Should Union law, in particular Article 5 of Directive 2008/115/EC and Articles 7 and 24 of the Charter, be interpreted as precluding a national practice whereby a decision on removal is taken with regard to a third-country national who is already subject to a valid entry ban, without taking due account of family life and the best interests of the children involved, which were mentioned in a subsequent application for family reunification with a static Union citizen, i.e. after the entry ban was imposed?

4.

Does Article 11(3) of Directive 2008/115/EC imply that a third-country national must in principle lodge an application for the lifting or suspension of a current and final entry ban outside the European Union or are there circumstances in which he can also lodge that application in the European Union?

(a)

Must the third and fourth subparagraphs of Article 11(3) of Directive 2008/115/EC be understood to mean that the requirement laid down in the first subparagraph of Article 11(3) of the said Directive, to the effect that the withdrawal or the suspension of the entry ban can only be considered if the third-country national concerned is able to demonstrate that he or she has left the territory in full compliance with a return decision, must plainly have been met in every individual case or in all categories of cases?

(b)

Do Articles 5 and 11 of Directive 2008/115/EC preclude an interpretation whereby a residence application in the context of family reunification with a static Union citizen, who has not exercised his right of freedom of movement and establishment, is regarded as an implicit (temporary) application to lift or suspend the valid and final entry ban whereby, if it is shown that the residence conditions have not been met, the valid and final entry ban is revived?

(c)

Is the fact that the obligation to lodge a request for lifting or suspension in the country of origin possibly entails only a temporary separation between the third-country national and the static Union citizen, a relevant factor?
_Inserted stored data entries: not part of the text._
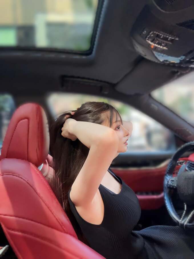 神子島さんは、左ハンドルの赤いシートの車内で寛ぐ様子の写真を複数投稿。イージーな印象の黒のノースリーブドレスで、季節は初夏から夏の間と思われる光景です。
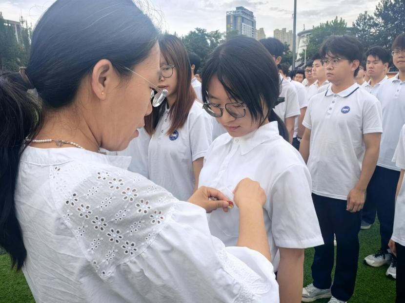 车辆与能源学院团委书记杨春婧、电气工程学院辅导员罗志高宣读了2025年新团员名单。他们向新团员表示热烈祝贺,并勉励他们牢记团员身份,以更高的标准要求自己,发挥先锋模范作用。团干部为新团员代表颁发团员证并佩戴团徽。在领誓人孟佳硕、孙雨情两位同学的带领下,92名新团员及在场全体团员面向团旗,高举右拳,庄严宣誓:“我志愿加入中国共产主义青年团……”铮铮誓言响彻广场,彰显着新时代青年的责任与担当。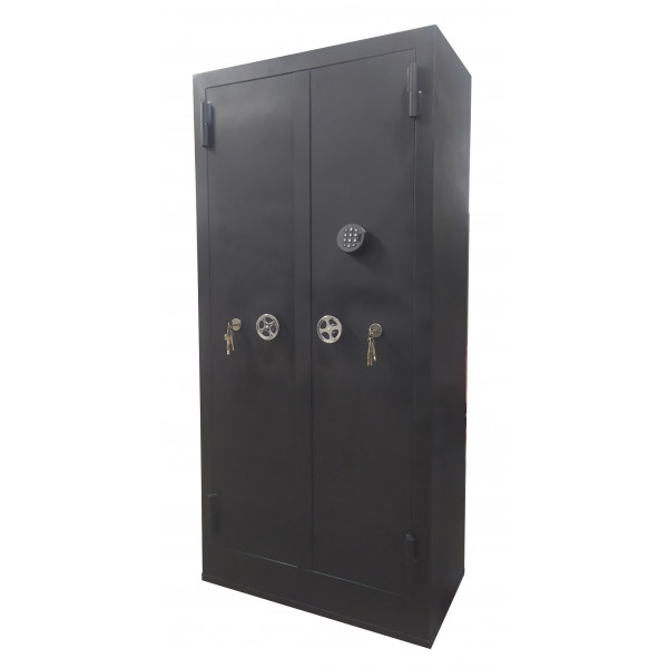 Cofre constituído em aço modelo armário, possui blindagem de concreto na base, possui amplo espaço interno para a guarda de armas longas e curtas, munições, documentos, jóias, etc.

Are there nevertheless circumstances in which Articles 7 and 24 of the Charter preclude such a temporary separation?

(d)

Is the fact that the only effect of the obligation to lodge a request for lifting or suspension in the country of origin is that the Union citizen would, if necessary, only have to leave the territory of the European Union in its entirety for a limited time, a relevant factor? Are there circumstances in which Article 20 TFEU nevertheless precludes the fact that the static Union citizen would have to leave the territory of the European Union in its entirety for a limited time?


(1)  Directive of the European Parliament and of the Council of 16 December 2008 on common standards and procedures in Member States for returning illegally staying third-country nationals (OJ 2008 L 348, p. 98).

(2)  OJ 2000 C 364, p. 1.

(3)  Directive of the European Parliament and of the Council of 29 April 2004 on the right of citizens of the Union and their family members to move and reside freely within the territory of the Member States amending Regulation (EEC) No 1612/68 and repealing Directives 64/221/EEC, 68/360/EEC, 72/194/EEC, 73/148/EEC, 75/34/EEC, 75/35/EEC, 90/364/EEC, 90/365/EEC and 93/96/EEC (OJ 2004 L 158, p. 77).